CTCF, a protein containing 11 zinc-finger domains, is a major factor implicated in vertebrate insulator activities (21–23). An insulator is a DNA sequence element that prevents a regulatory protein binding to the control region of one gene from influencing the transcription of neighboring genes. When placed between an enhancer and a promoter, an insulator can block the interaction between the two. Several dozen insulator sites have been characterized, and almost all have been shown to contain CTCF binding sites. In some cases, the CTCF site has been directly shown to be both necessary and sufficient for enhancer blocking activities in heterologous settings. The known CTCF sites show considerable sequence variation, and no clear consensus sequence has been derived (22). The well studied CTCF sites in the IGF2/H19 locus show similarity to the LM2 motif (24), although the similarity score is below our threshold used for detecting LM2 sites.

To test directly whether CTCF binds the LM2 motif we analyzed the material obtained by affinity capture with a biotinylated double-stranded DNA probe containing multiple copies of the LM2 motif by immunoblotting with an antibody against the human CTCF protein (see SI Text). The results confirmed that CTCF does indeed bind the LM2 motif (Fig. 2). By contrast, mutation of the three core positions with the highest information content (positions 5, 10, and 13 of LM2) (Fig. 1b) completely abolished the binding of the CTCF protein.

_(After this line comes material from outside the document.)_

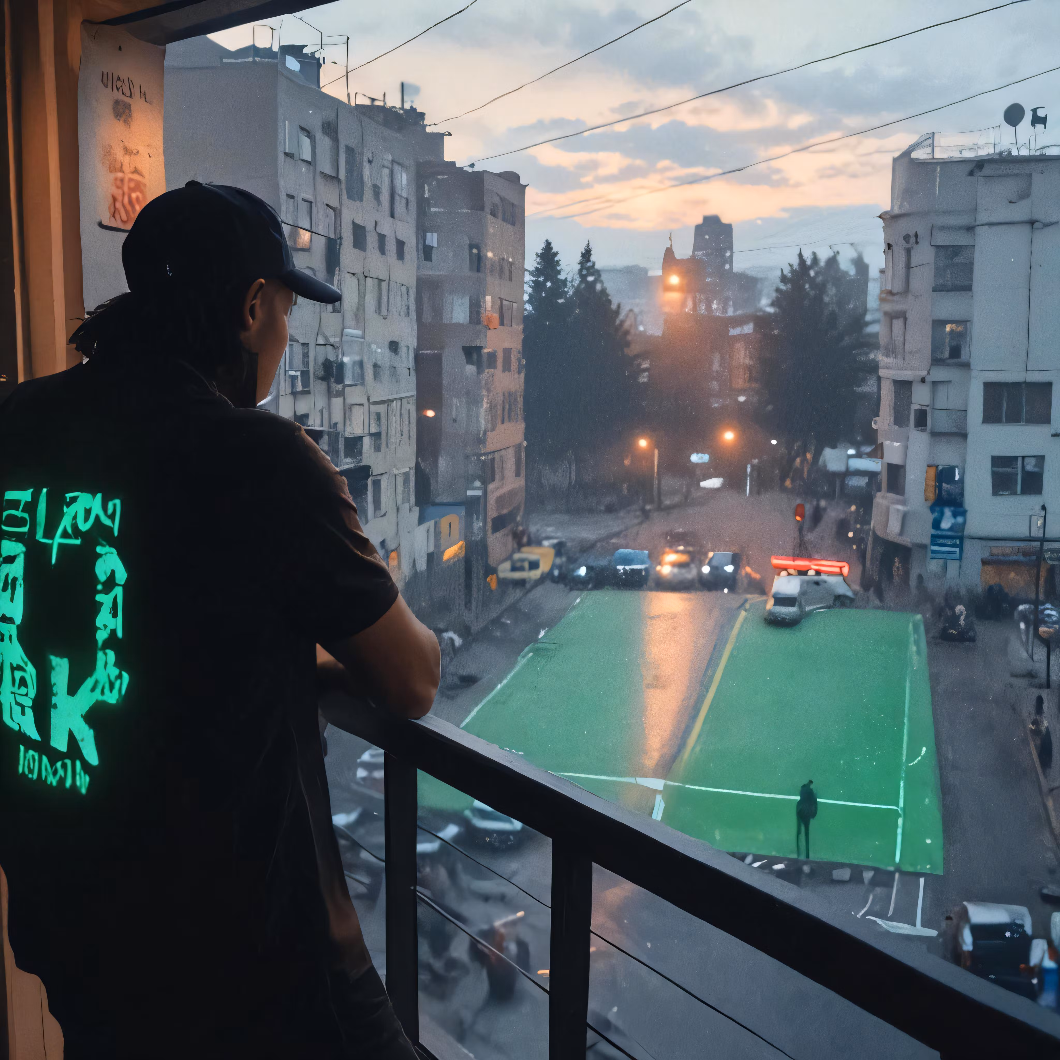 High resolution picture, free to use, the man is looking out the window at a large tennis court

Given the sequence diversity among reported CTCF sites, we searched for additional motifs in our catalog that show substantial similarity to LM2. The motifs LM7 and LM23 are nearly identical in their first 14 positions, diverging only in the last four or five bases (SI Fig. 8). The two additional motifs also have an unusually large number of conserved instances (6302 for LM7 and 3758 for LM23). Affinity-capture experiments using probes containing copies of the LM7 and LM23 motifs demonstrated that both motifs bind CTCF, whereas mutation of the three core positions with the highest information content completely abolish binding (Fig. 2b). The three motifs, LM2, LM7, and LM23, will be referred to as a “supermotif,” LM2*.

Altogether the LM2* motif has 14,987 conserved instances in the human genome (which is 20-fold higher than for the corresponding control motifs). Strikingly, this comprises approximately one-fourth of the 60,019 sites for the complete catalog of 233 motifs. We propose that the vast majority of these sites are CTCF-binding sites and function as insulators.

Although the predicted CTCF sites tend to be located far from gene starts, they are not randomly distributed across the genome. Instead, their distribution closely follows the distribution of genes, with a correlation coefficient of 0.6 (SI Fig. 9). This is consistent with the notion that the sites are related to gene regulation, rather than, for example, chromosomal structure.

We sought to test whether the predicted CTCF sites actually serve as functional insulators. Although it is possible to perform insulator assays on individual instances in a heterologous context, we were interested to assess the function of many CTCF sites in their natural context. If the predicted CTCF sites actually function as insulators, we reasoned that the presence of a CTCF site between two genes might “decouple” their gene expression.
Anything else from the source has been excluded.